How wrong to consider Allah as a robot and to say that He does not intervene in anything. Do you claim that a prophet appeared in every century, that he spoke for Allah, and that he told lies (never!)?
There cannot be a prophet without miracles. Of course, there may appear people who show themselves as prophets and messengers, but they cannot exhibit miracles. Thus, the sham ones are easily distinguished from the real ones. Opening the eyes of the blind, revivifying the dead, water’s flowing from the finger and satisfying the need of the whole army, in a moment journeying from Mecca to Jerusalem and then ascending to the heavens and coming back, lifeless objects’ and animals’ talking are not simple events. Only the prophets sent by Allah can perform such things. If a prophet told a lie, would Allah not intervene? As a matter of fact, an âyah purports:
(If he [the Messenger] had added some sayings [to the Qur’ân] by ascribing them unto Us, We would certainly have seized him with power, cut off his jugular vein, and destroyed him. None of you could have prevented it.) [Sűrat-ul-Hâqqah, 44-47]

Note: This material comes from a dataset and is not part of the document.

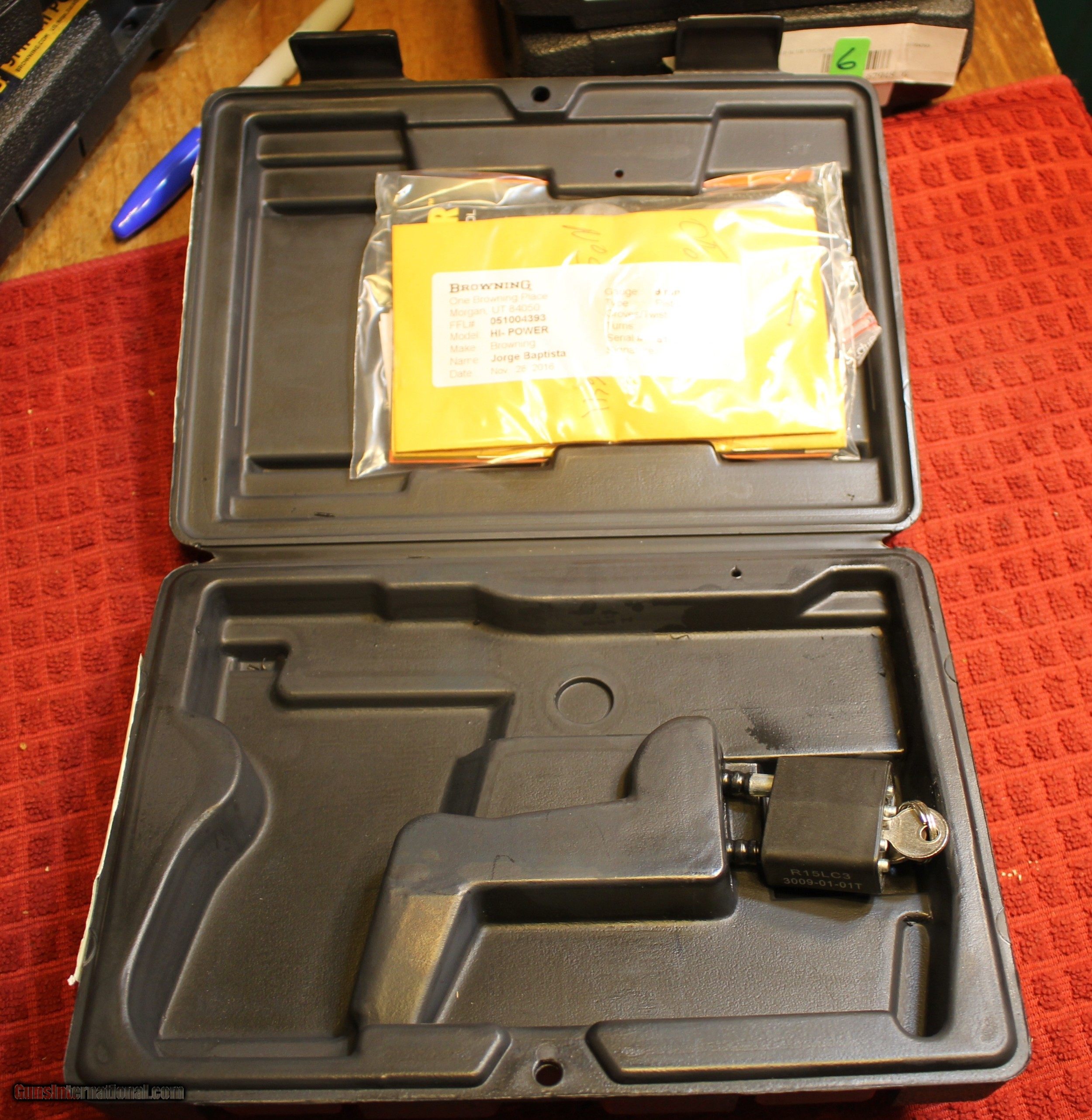 Description: Got a Factory Browning Hi Power BHP Black Plastic Box Empty Modern. Will fit either the 9mm or 40S&W NOTE: As is means AS IS. Look close at the pictures as the box you see is the one you get. There is NO, Refund. This all came from one of the estates mentioned below. Credit Cards add 3.5% and Credit by Phone. Personal checks, Money Orders, Certified Funds. Listing is aready discounted for any payment other than Plastic in any form shape or manner. Shipping is $8.60 for Priority Mail Rate This item from one of five (5) seperate estates of an FFL/SOT Gun Smith, Gun Stores. This is or was inventory. This is or was part of the collection. Please check the pictures to check condition. There will be countless other listings from this inventory over the next 4 to 5 years. We are selling for the each. We did NOT buy out. This is NOT a liquidation. There are no lists and will be no lists. Just keep checking the other listings. We list as time permits as all of 5 of us closed our doors. You are welcome to check out our webpage or facebook page at P&T Partners Price is for Paper meaning, Personal Checks, Business Checks or Certified Check or USPS Money Orders. We do NOT Hold until clear for Personal Checks Credit or Plastic in any form, shape or manner add 3.5% NOTE: Credit by PHONE only I post on many of the firearms forums as PT-Partners. This is a Retail Transaction, as PT-Partners is a Retail/FFL Dealer. For those that are local, there is no Face To Face. On Line means On Line. Again if you are Local there is NO local pick up. We ship only Also, Texas Residents know you are responsible for the Texas State Sales Tax. SOLD |

Therefore, a wise person who says “I believe in Allah” must also believe in the holy books and prophets, perform acts of worship, and avoid what is harâm. If one disbelieves even one of the fundamentals of îmân, then one is not considered to have îmân. One’s saying “I believe only in Allah” is nothing but to deceive oneself. In terms of their states in the Hereafter, there is no difference between an atheist and a person who believes in Allah but who denies the Hereafter. They will stay in Hell eternally. It is idiocy not to fear eternal torment. Hadrat Alî said to a person who did not believe in the Resurrection:
(We believe in the next world. If there were not a resurrection, we would not suffer any harm on account of our faith and acts of worship. But if what we say occurs, then you will suffer eternal torment.)
When an irreligious person dies, according to his or her belief, he or she will become annihilated and will no longer exist. But according to Islam, he or she will suffer eternal torment in Hell. A Believer, on the other hand, will live in eternal blessings. Even if being under eternal torment were only a probability, whichever wisdom would risk it? Nevertheless, the life in the next world is not a probability, but an obvious fact. Then a wise and knowledgeable person must believe in Allah and what He has revealed.